The overall assimilation index also masks big differences between immigrants from certain countries. Mexicans, for example have an index of 13, while Vietnamese were at 41. And although immigrants who arrived as children tend to be nearly identical to their U.S.-born counterparts, apart from their lower rates of citizenship, those who come from Mexico are less assimilated and have higher incidences of teenage pregnancy and incarceration.

A major reason for these disparities in assimilation levels may be the high percentage of Mexican immigrants who are in the country illegally, Vigdor said. When only cultural factors are considered, Mexicans score almost as high as Vietnamese and higher than immigrants from countries such as India and China, which tend to have a high rate of immigration to the United States.

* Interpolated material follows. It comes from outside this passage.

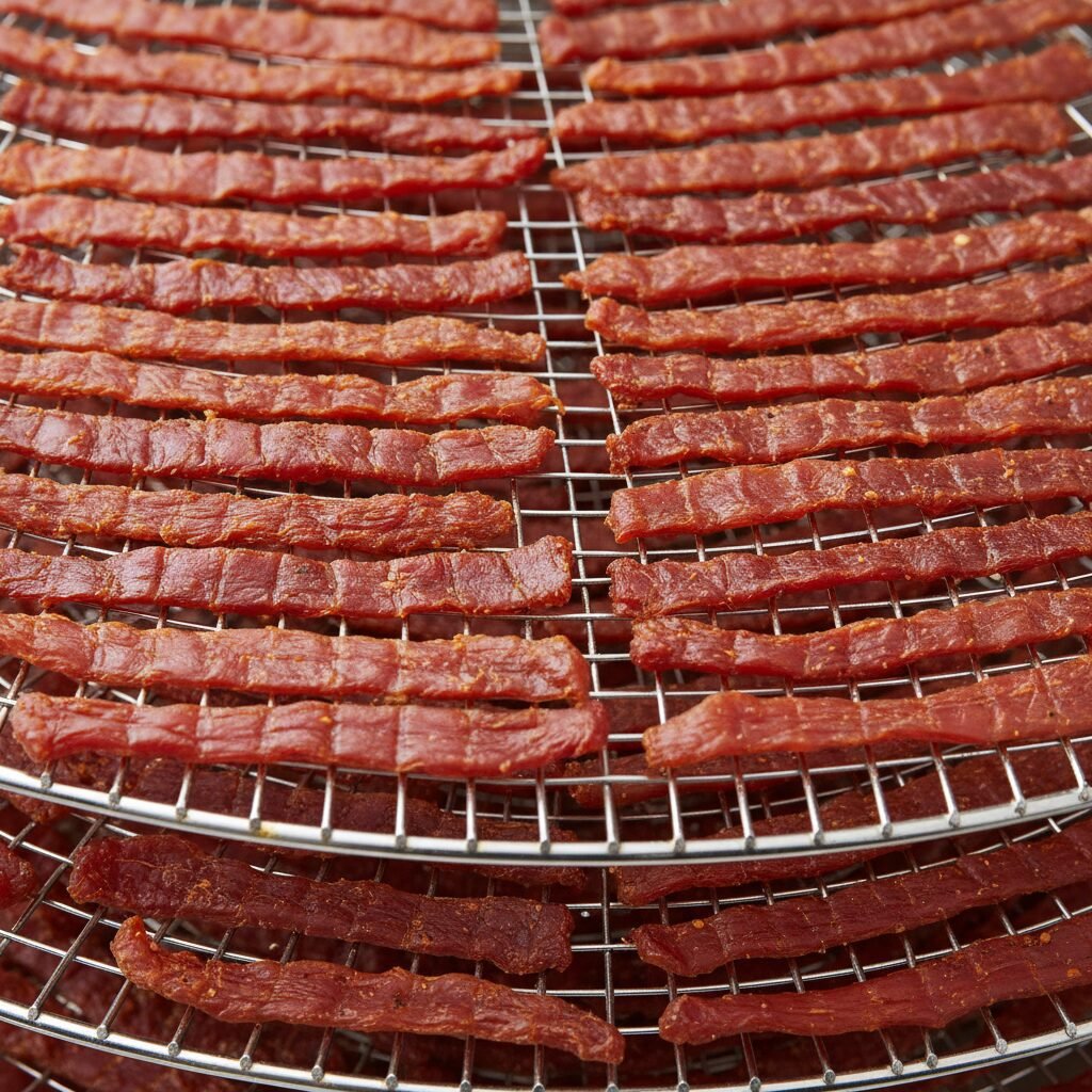 - Arrange the strips on a wire rack placed over a baking sheet (for oven) or directly on dehydrator trays.
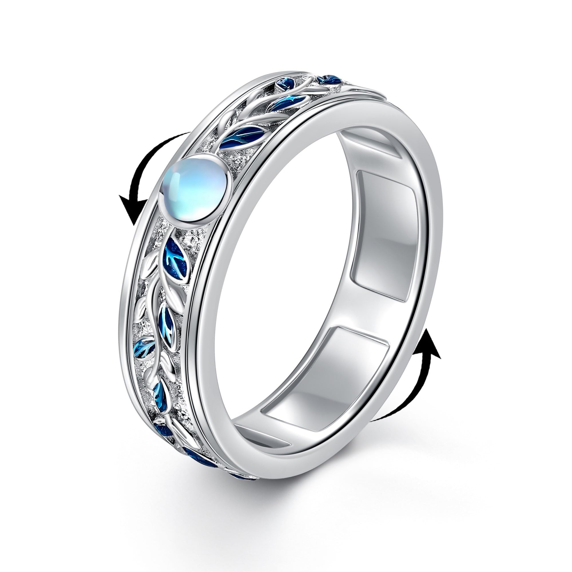 ❀Design Idea❀ - Use our sterling silver leaf fidget spinner ring to produce a peaceful, calming, and meditative effect! ❀MATERIAL❀ - Made of 925 Sterling Silver with Moonstone. High quality with fair price.Hypoallergenic. ❀Ring Size❀ - 4# Ring, Package: Gift Box ❀PACKET❀ -- Comes wit

"If you're in the country illegally, a lot of the avenues of assimilation are cut off to you," he said. "There are lot of jobs you can't get, and you can't become a citizen."
Almost certainly the Right in Arizona and nationally will interpret this as reason to pursue round-ups and deportations, while the Left will interpret it as reason to allow residents to pursue legal standing. I vote for the latter.

The reasons? One, as I noted earlier, the New York Times reports today that the nation is already experiencing markedly negative economic repercussions from the Republicans' slash-and-burn approach to Latinos crossing the border illegally. That's true in spades for Arizona.

Two, the obvious implication is that the USA needs low-skilled Mexicans, and not just to perform construction, agriculture, entertainment-industry, and other jobs that native-born workers will not do--or do not do successfully.* We also need their tax, Social Security, and consumer contributions, and because they are a younger cohort than the American average, we need them to help fund our imperiled retirements. Our own self-interest says to change course.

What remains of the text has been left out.